As communication networks grow in size, they become increasingly
vulnerable to component failures. These networks consist of numerous
interacting entities (agents). Since distributed systems have become
popular and widely used in contemporary networking, the provided
solutions need to cope with erroneous and malicious components in the
underlying communication network. Security and reliability issues that
arise have been objects of extensive research in the fields of Secure
Multiparty Computations and Distributed Computing. In our work we
contribute to the realization of fundamental communication primitives
(Reliable Broadcast and Reliable Message Transmission) in an adversarial
distributed environment, by investigating the impact of the network
structure and the agents' topology knowledge level on the achievability
of these tasks.
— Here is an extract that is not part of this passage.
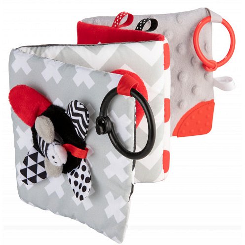 Canpol babies Kontrastní edukativní knížka SENSORY Kontrastní edukativní knížka z kolekce SENSORY je určena již pro nejmenší děti. Hračku je možné jednoduše upevnit díky klipům na požadované místo - kočárek, postýlku nebo autosedačku. Praktický doplněk disponuje šustícími a pískacími elementy, zrcátkem, chrastítkem, kousátkem a odnímatelnými prvky.

We consider a worst-case (Byzantine) adversary, which
makes the agents misbehave arbitrarily,
Initially, we consider the t-locally bounded adversary model,
introduced in 2004 by Koo, where a fixed upper bound on the number of
corruptions in each agent's neighborhood is imposed. We explore the
tradeoff between the level of topology knowledge and the solvability of
the problem by developing a versatile technique which allows us to
obtain impossibility results for every level of topology knowledge.
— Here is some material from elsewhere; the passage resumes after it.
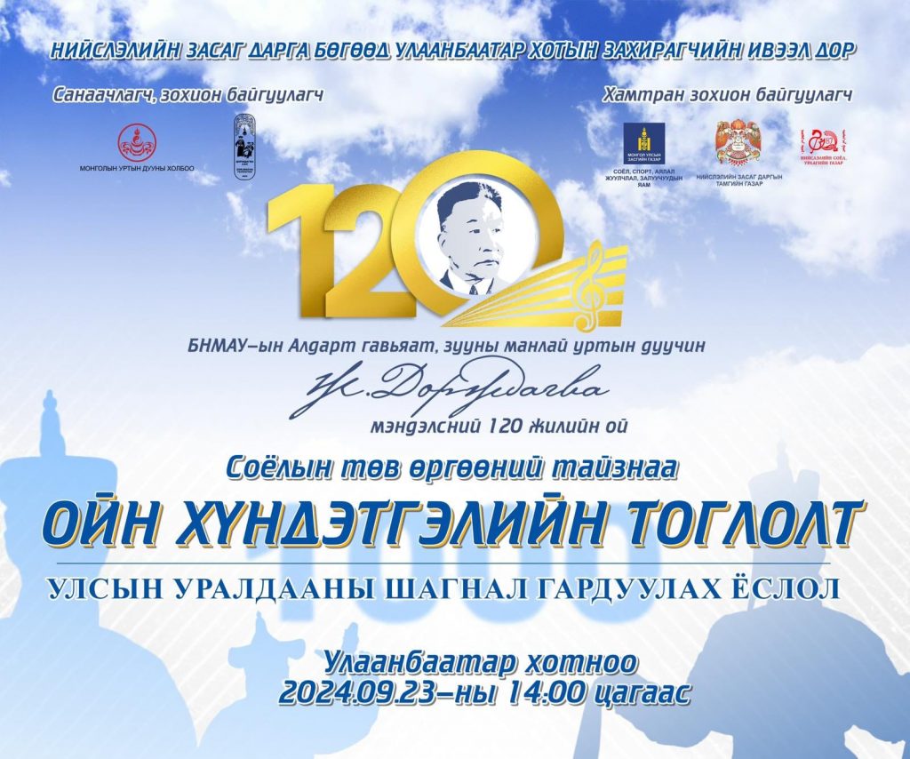 Нийслэлийн Засаг дарга бөгөөд Улаанбаатар хотын Захирагчийн ивээл дор, Монгол уртын дууны сонгодог уламжлалыг хойч үед өвлүүлэх гавьяат үйлийг бүтээж, шинэ цагийн соёл, урлагийн хөгжлийн түүхэнд тод мөрөө үлдээсэн, БНМАУ-ын алдарт гавьяат, зууны манлай эрэгтэй уртын дуучин Ж.Дорждагвийн мэндэлсний 120 жилийн ойг тэмдэглэнэ.

Checking the necessary conditions for the solvability of the problem
proves to be NP-hard but along the way we obtain an efficient
2-approximation algorithm for the ad hoc case (where agents only know
their local neighborhood). On the positive, we generalize the
algorithmic idea behind the simple, yet powerful Certified Propagation
Algorithm (CPA), also introduced by Koo in 2004, and propose algorithms,
that match the obtained bounds (unique algorithms) in every case. Thus,
we exactly characterize the classes of graphs in which reliable
communication is possible with respect to topology knowledge. In order
to achieve these we introduced the Partial Knowledge Model in which each
agent knows a part of the network, namely a connected subgraph
containing itself. As a part of the latter contribution, we manage to
settle an open question of Pelc and Peleg (2005) in the affirmative, by
showing that in ad hoc networks, CPA is unique, that is, it can tolerate
as many local corruptions as any other Broadcast algorithm.
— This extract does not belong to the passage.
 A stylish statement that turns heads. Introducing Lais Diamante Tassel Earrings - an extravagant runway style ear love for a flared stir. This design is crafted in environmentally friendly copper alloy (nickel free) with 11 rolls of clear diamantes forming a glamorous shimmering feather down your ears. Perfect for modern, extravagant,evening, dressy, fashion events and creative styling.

Furthermore, we manage to generalize our results in the General
Adversary model of Hirt and Maurer (1997), which subsumes earlier models
by adapting our techniques and algorithms from the t-locally bounded
model. Thus, we devise the first optimally resilient algorithms for
Reliable Broadcast/Message transmission under restricted knowledge and
general adversaries. Finally, we propose the poly-time uniqueness
algorithmic property, which implies that an algorithmic scheme is as
efficient as any other for a certain problem with respect to polynomial
time. We prove our proposed scheme to be poly-time unique in the ad hoc
case. To obtain our latter results we employ, among others, a novel
notion of joining operation on adversary structures, appropriate notions
of separators in unreliable networks, and a self-reducibility property
of the RMT problem.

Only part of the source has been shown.